- _Problem to work on_
Look through the listing below for the line containing "Diễn biến DXY từ đầu năm 2025 đến ngày 20/10". Copy it and each line after it up to and including the line containing "Aerial photo taken", exactly, leaving out pictures.

- _Record extracts_
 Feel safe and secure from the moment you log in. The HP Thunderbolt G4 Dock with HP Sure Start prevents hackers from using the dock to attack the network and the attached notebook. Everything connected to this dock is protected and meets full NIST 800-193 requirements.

--

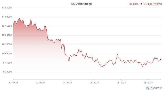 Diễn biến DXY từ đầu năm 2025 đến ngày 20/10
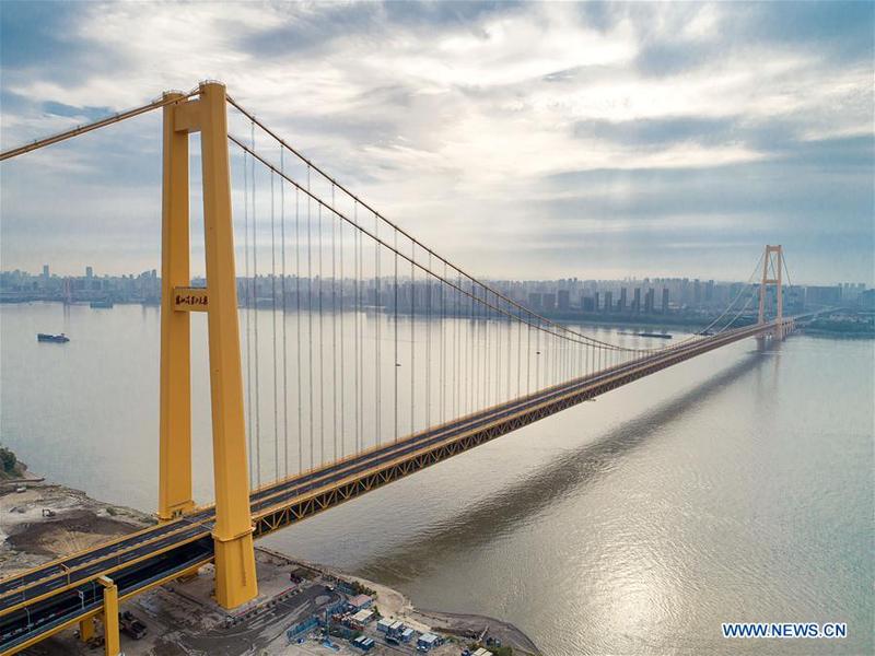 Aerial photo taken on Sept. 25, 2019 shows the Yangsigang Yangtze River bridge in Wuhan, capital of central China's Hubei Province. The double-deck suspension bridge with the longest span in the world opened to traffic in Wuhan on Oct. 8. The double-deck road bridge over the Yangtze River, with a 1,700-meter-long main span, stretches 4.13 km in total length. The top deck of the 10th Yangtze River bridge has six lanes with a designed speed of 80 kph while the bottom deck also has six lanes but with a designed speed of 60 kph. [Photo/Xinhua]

- _Completed exercise_
 Diễn biến DXY từ đầu năm 2025 đến ngày 20/10
 Aerial photo taken on Sept. 25, 2019 shows the Yangsigang Yangtze River bridge in Wuhan, capital of central China's Hubei Province. The double-deck suspension bridge with the longest span in the world opened to traffic in Wuhan on Oct. 8. The double-deck road bridge over the Yangtze River, with a 1,700-meter-long main span, stretches 4.13 km in total length. The top deck of the 10th Yangtze River bridge has six lanes with a designed speed of 80 kph while the bottom deck also has six lanes but with a designed speed of 60 kph. [Photo/Xinhua]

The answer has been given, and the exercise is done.